The primary reason for presenting this show at this time is that it’s fun and funny. And people need to laugh. It’s healthy. People respect Shakespeare and his work, of course, but we feel much of the richness is lost on contemporary audiences — quite naturally — because of archaic language and constructions, and lack of knowledge of customs and history easily familiar to Elizabethans. Today’s audience for Shakespeare loses a lot due to some natural self-consciousness when sitting through a two or three hour even well-made production. Our production is meant to reduce this strain and give a contemporary audience the full delightful flavor of Shakespearean theatre in just short of an hour in a modern, most digestible way.

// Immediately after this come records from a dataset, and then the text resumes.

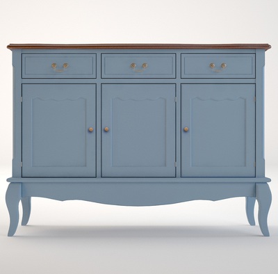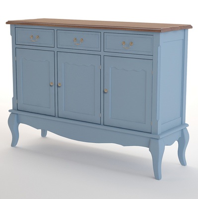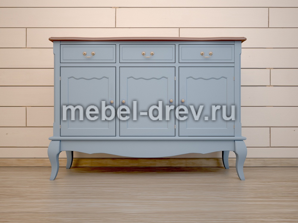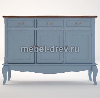 Трехстворчатый комод Leontina/Леонтина на изогнутых ножках и с резным подстольем. Сделан в стиле Прованс, в необычном голубом цвете, с тремя выдвижными ящиками и тремя дверцами. Комод изготовлен из натурального дерева: каркас-массив березы, столешница-ясень. Шикарная мебель из коллекции Леонтина блю выглядит освежающей и создает праздничное настроение.
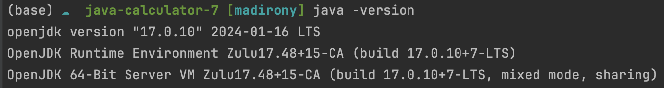 이제 터미널을 열고 명령어를 통해 현재 자바 버전을 확인합니다.
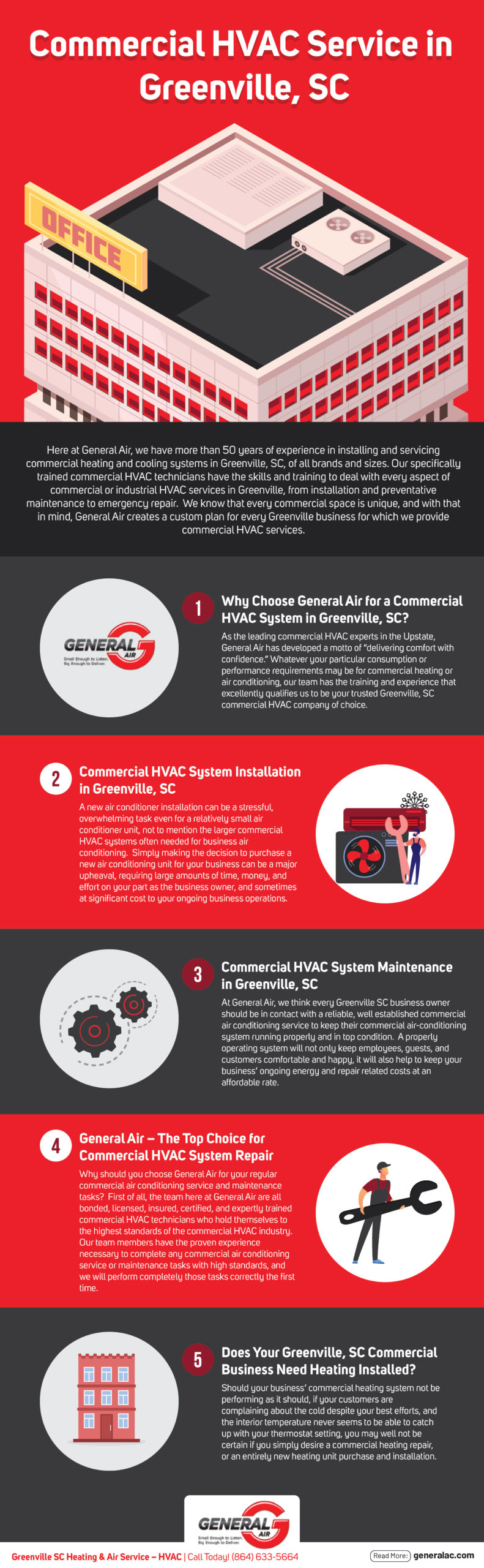 Contact us at 864-633-5664 to speak to our professional, friendly staff and learn more about General Air’s commercial AC installation service in Greenville, SC. We offer emergency HVAC service 24 hours a day, 7 days a week. You can also visit us at 5409 Augusta Road, Greenville, SC 29605.

Thomas D. White, co-director/co-playwright
The Question House
Produced by Breadbasket Productions
The Question House is the story of a little consulting firm with a big secret: the people who work there must speak only in questions or risk being struck dead by the hand of God. Or, at least, that's what owner and operator Harvey Krytz and his loyal secretary Margaret want everyone to think. Is Krytz crazy? What will happen if someone ends a sentence with a period? Audiences should prepare to laugh and squirm as they're sucked into a world in which the stakes are alarmingly high every time any character opens his mouth.
The Question House is the perfect farce for today's economic climate. It's about a boss who can't quite reconcile some unorthodox business practices with Jewish law (à la Bernie Madoff?), a secretary trying desperately to limit the damage, an agent of the law who doesn't know which end is up, and underlings who will do just about anything to hang onto a job. With the recession in full swing out there, getting to know the employees of The Question House may just make you feel a little better about your own job…or see the upside of unemployment.

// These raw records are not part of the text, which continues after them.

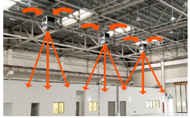 海洋之神HY590室内气候调节机组是一种创新解决方案,旨在为工业和商业建筑打造最佳室内气候。其强大的风扇与高效的EC电机相结合,确保温度均匀分布,有效地实现大面积加热或降温。大风量风扇可利用先进的空气分配技术,重新分配来自天花板下方聚集的热量,使之均匀地分布在加热的区域。
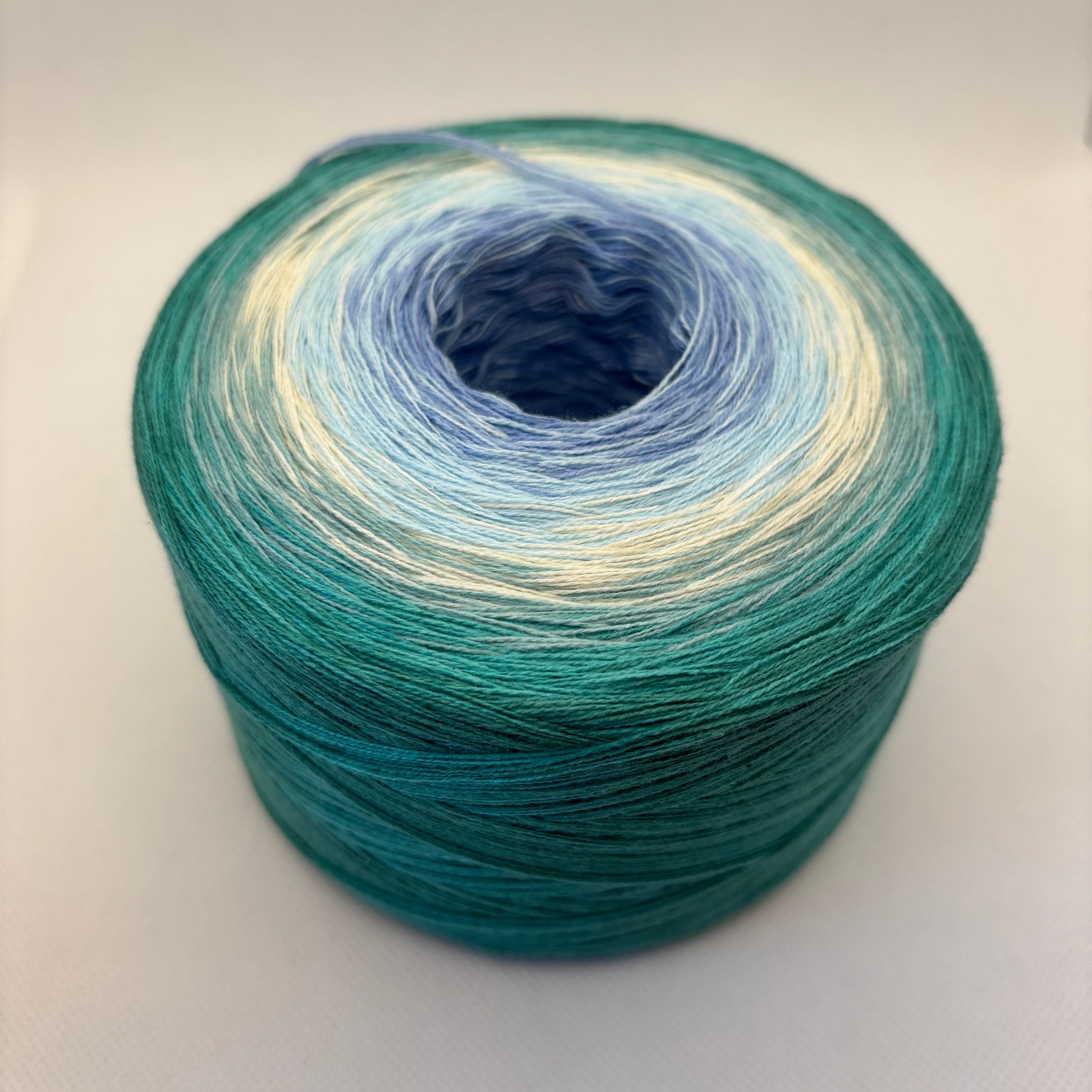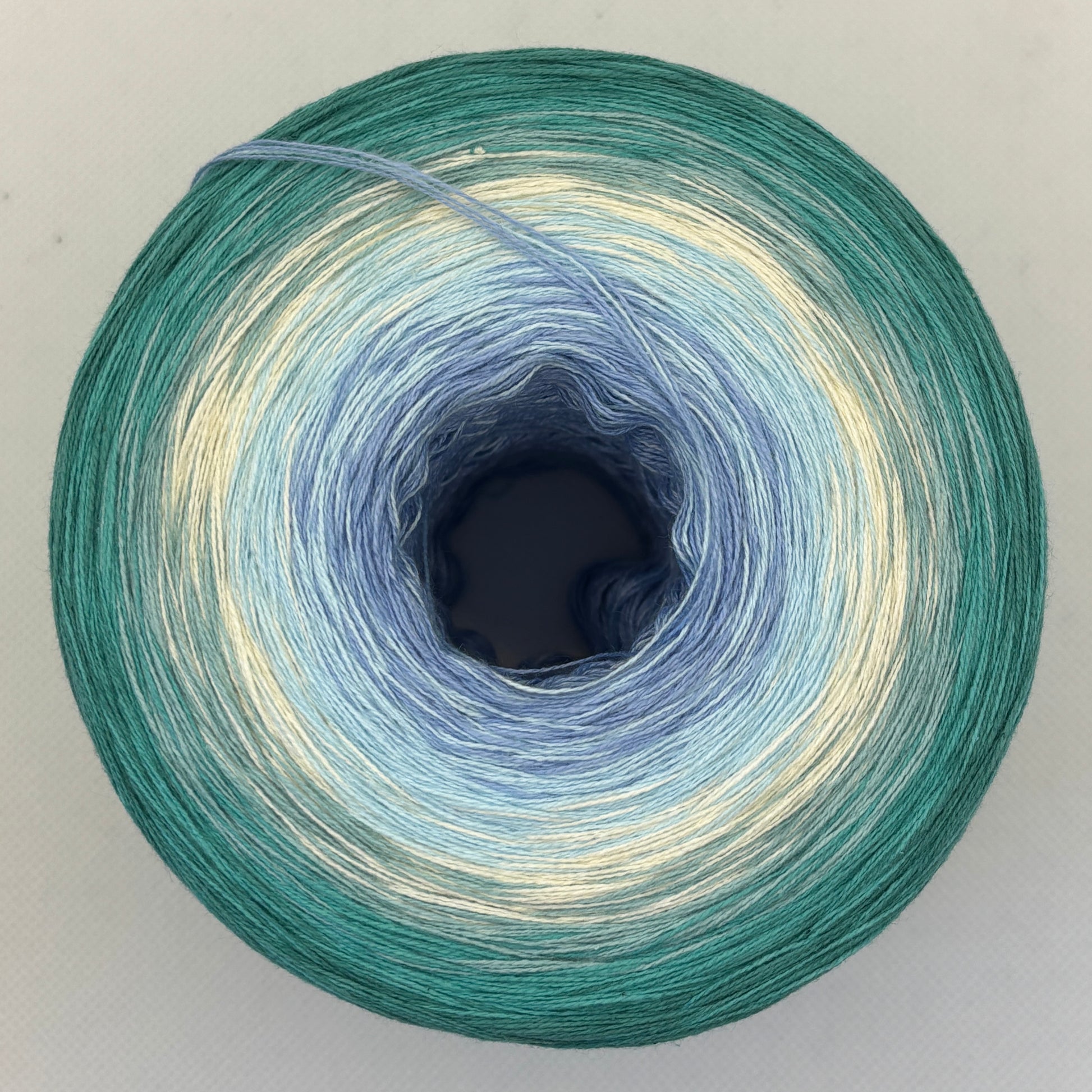 Der Bobbel „Tropischer Wasserfall“ verläuft sanft von Cloud, Libelle, Creme, Jade, Opal bis Oceangrün – ein frischer, harmonischer Farbfluss, der an türkisblaues Wasser, Sonne und tropische Leichtigkeit erinnert.
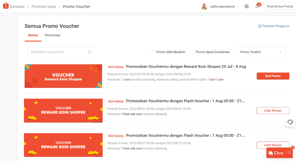 Promo: Event utama dimana Anda akan menominasikan Voucher Toko Anda ke dalamnya.

I wrote The Question House when I was a college student, apparently filled with anxiety about what the corporate world might hold in store for me after graduation. Now, almost 10 years later, with corporate budgets being slashed right and left, anxiety about employment is a lot more commonplace. It may be a bad time to be a consultant, but it's a great time to revive this play. I am very glad that Catherine Siracusa and the members of the HB ensemble — especially Cam Kornman, who hung onto this script for eight years, waiting for a full production — were up for doing exactly that.